Quantization Level	Model Size	Required Memory	Runnable Environment
BF16 (original)	~807GB	810GB+ VRAM	H100 × 10+ units
FP8	~400GB	420GB+ VRAM	H100 × 5 units
INT4 (Q4_K_M)	~214GB	256GB+	M3 Ultra Mac or H100 × 3 units
INT3 (Q3_K_M)	~170GB	192GB+	M3 Ultra Mac (192GB)
INT2 (Q2_K)	~130GB	150GB+	High-capacity RAM server

As shown, the original 807GB model shrinks to 214GB with INT4. Less than a quarter of the original size—this is the power of quantization.

But why isn’t it exactly one-quarter? 397B × 4bit ÷ 8 = ~199GB but it’s 214GB because of Dynamic Quantization. Techniques like Unsloth’s Dynamic 2.0 keep important layers at 8bit or 16bit while compressing less important layers to 4bit. This mixed-bit strategy significantly improves quality over pure 4bit.

The FP8 version is exactly half at ~400GB. FP8 only needs to store per-tensor or per-channel scales with virtually no additional metadata like group quantization. Since H100 natively supports FP8, inference speed is similar or faster than BF16.

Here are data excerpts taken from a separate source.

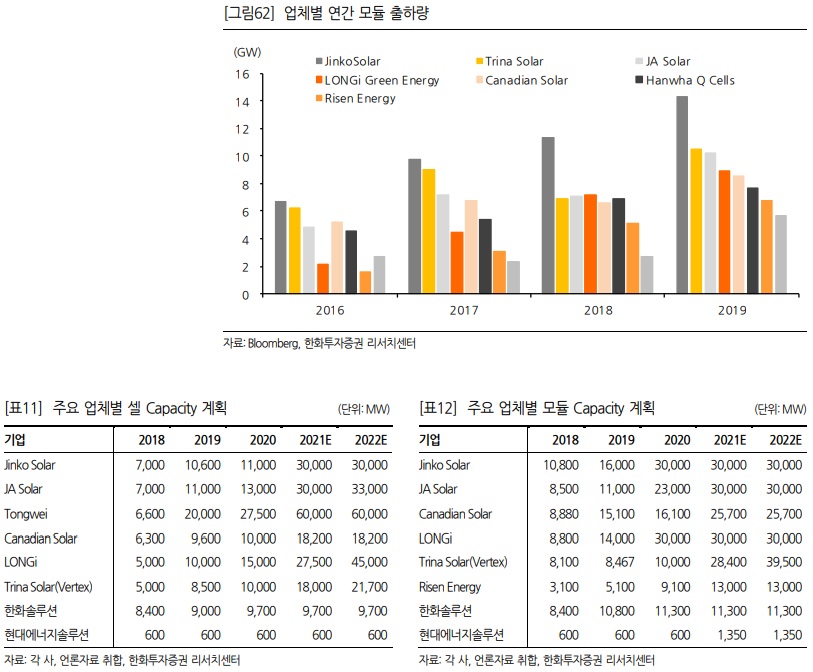 국내 태양광 업체들은 2019~2020년에 설비 증설이나 제품라인 변경을 완료했는데, 대체로 수요가 확보되고 이익률이 높은 모듈 라인을 중심으로 이루어졌다. 현대에너지솔루션은 750MW의 모듈 라인 증설을 완료했으며, 신성이엔지도 700MW의 모듈 공장을 개소함과 동시에 600MW 규모 셀 라인은 가동을 중단했다.
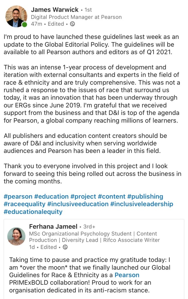 I’ve seen info about this EDI-related policy update from Pearson doing the rounds, but not seen the actual policy myself. Still, a heads up anyway, see this LinkedIn post:
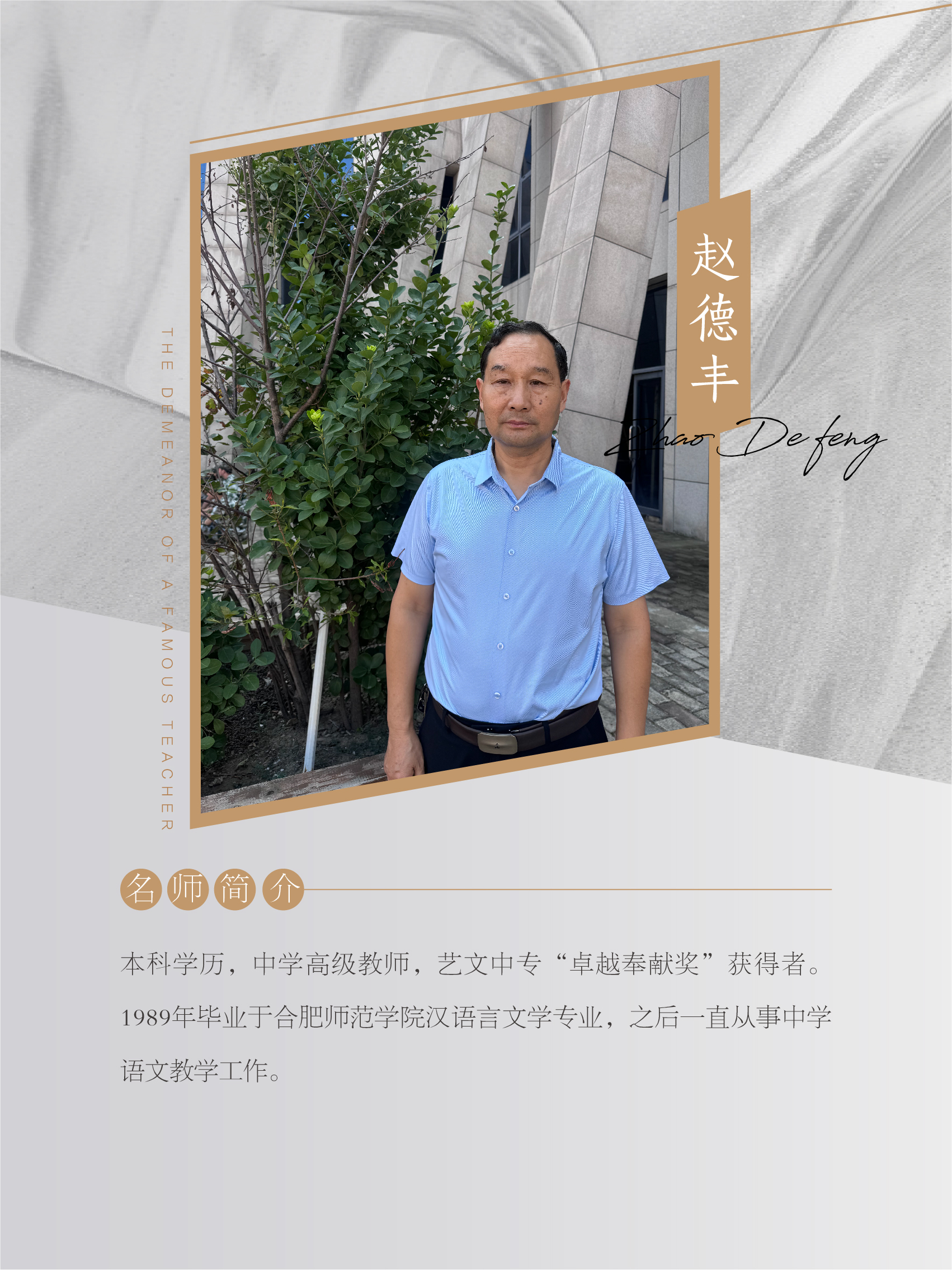 趙德豐,本科學(xué)歷,中學(xué)高級(jí)教師,1989年畢業(yè)于合肥師范學(xué)院漢語(yǔ)言文學(xué)專(zhuān)業(yè),之后一直從事中學(xué)語(yǔ)文教學(xué)工作。
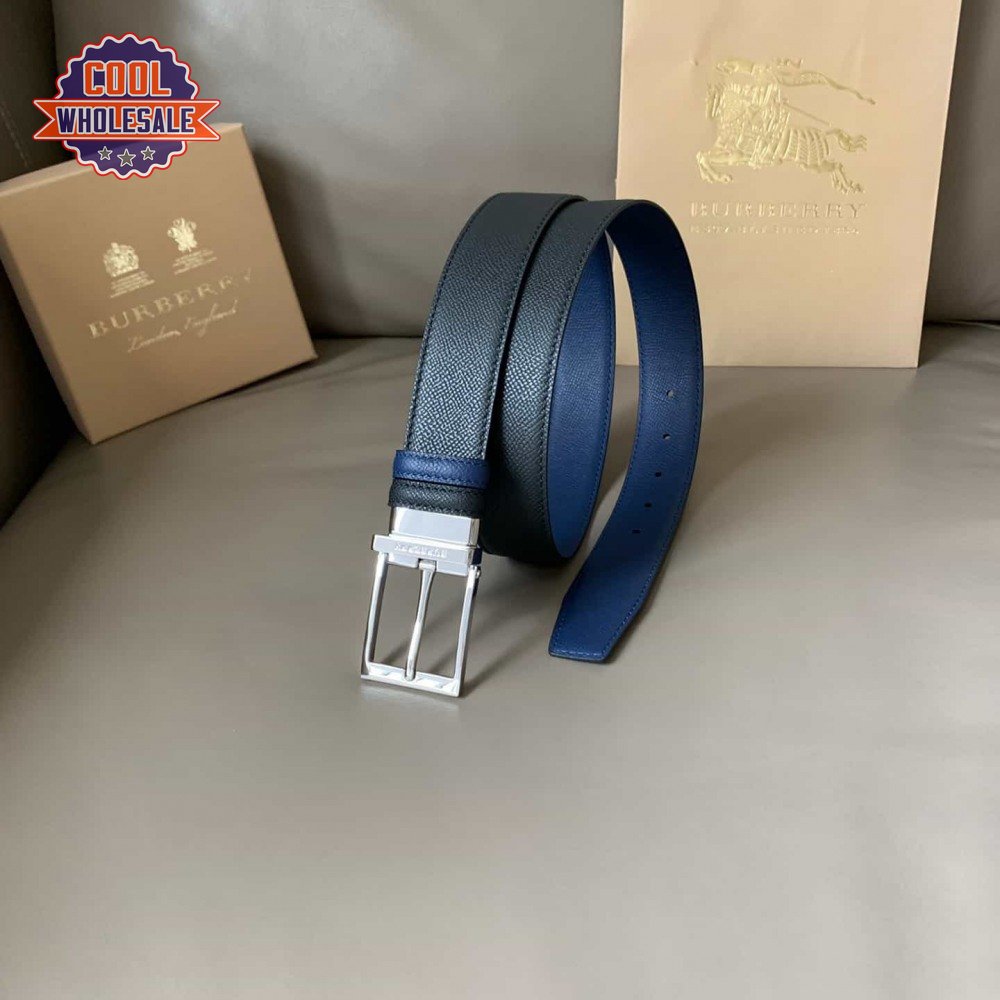 BURBERRY REVERSIBLE LONDON CHECK AND LEATHER BELT DARK CHARCOALBLACK - B29
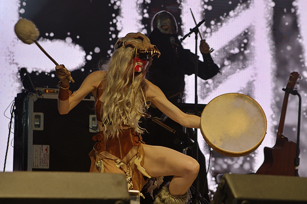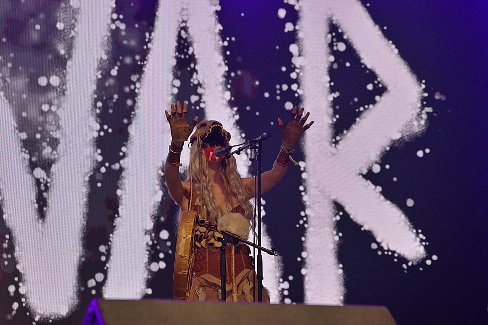 With little idea as to the track titles I can only describe what follows in the next 40 minutes as pure and unbridled chaos. Asrunn whirls and sings like Enya on steroids whilst her compatriot Mark remains resolute in the shadowy realms of the back of the stage. There’s little live instrumentation but somehow their performance is utterly compelling sweeping all along in a tsunamic wave of Scandic war cries.

Practical meaning: To run this model personally, you need at minimum INT4 (Q4_K_M) with 256GB memory. Impossible with RTX 4090 (24GB), but possible with Apple M3 Ultra (192GB unified memory) up to INT3. With MoE offloading, 24GB GPU + 256GB RAM combination is possible but token generation will be slower.

The same model requires completely different hardware depending on quantization level. This is why quantization technology isn’t a “theoretical interest” but a “practical necessity.”

Optimal Choice Guide by GPU

RTX 4090 (24GB):

1st choice: GGUF Q4_K_M (stability, compatibility)
2nd choice: AWQ-INT4 (performance priority)
Expected performance: Llama 70B baseline 15–25 tok/s

H100 (80GB):

1st choice: FP8 (if possible)
2nd choice: FP16 (when highest quality needed)
Expected performance: 50–100+ tok/s

Apple Silicon (32GB+ unified memory):

Only choice: GGUF
Expected performance: 3–8 tok/s (CPU)

Future Outlook: Evolution of Compression Technology

Hardware Evolution

FP4 native support: Next-gen GPUs expected to directly support 4-bit floating point
Mixed precision accelerators: Efficient processing of different precisions per layer

Algorithm Evolution

Adaptive quantization: Dynamic precision adjustment based on input
Neural architecture co-design: New model architectures designed with quantization in mind

Practical Evolution

One-click quantization: Automatic optimal compression without complex user settings
Quality-speed auto balancing: Automatic compression tailored to task requirements

Personal Thoughts

Diving deep into LLM compression technology, what struck me most was the “perfect harmony of mathematical elegance and practical effectiveness.”

That we can compress from 32-bit to 4-bit—an 8x reduction—while barely noticing the difference in most tasks proves neural networks have much greater redundancy than expected. But simultaneously, the need for sophisticated techniques like outlier handling, group quantization, activation-aware weighting shows that brute-force compression has limits.

From a practical perspective:

Industrial settings: FP8 (H100) or AWQ will become standard
Personal users: GGUF remains the most accessible choice
Research: Extreme approaches like BitNet provide new breakthroughs

The most intriguing future scenario is “1-bit native hardware.” As BitNet proved, designing from scratch with extreme compression in mind can achieve amazing efficiency. If GPU vendors directly support 1-bit or 2-bit operations in hardware, current compression techniques will evolve to entirely new dimensions.

Ultimately, compression technology’s core is “wise choice of what to sacrifice and what to preserve.” We can sacrifice 7th decimal place precision, but must preserve reasoning ability. Memory can be reduced to one-eighth, but core performance must stay above 95%.

This delicate sense of balance is why LLM compression technology is true engineering artistry beyond simple “size reduction.”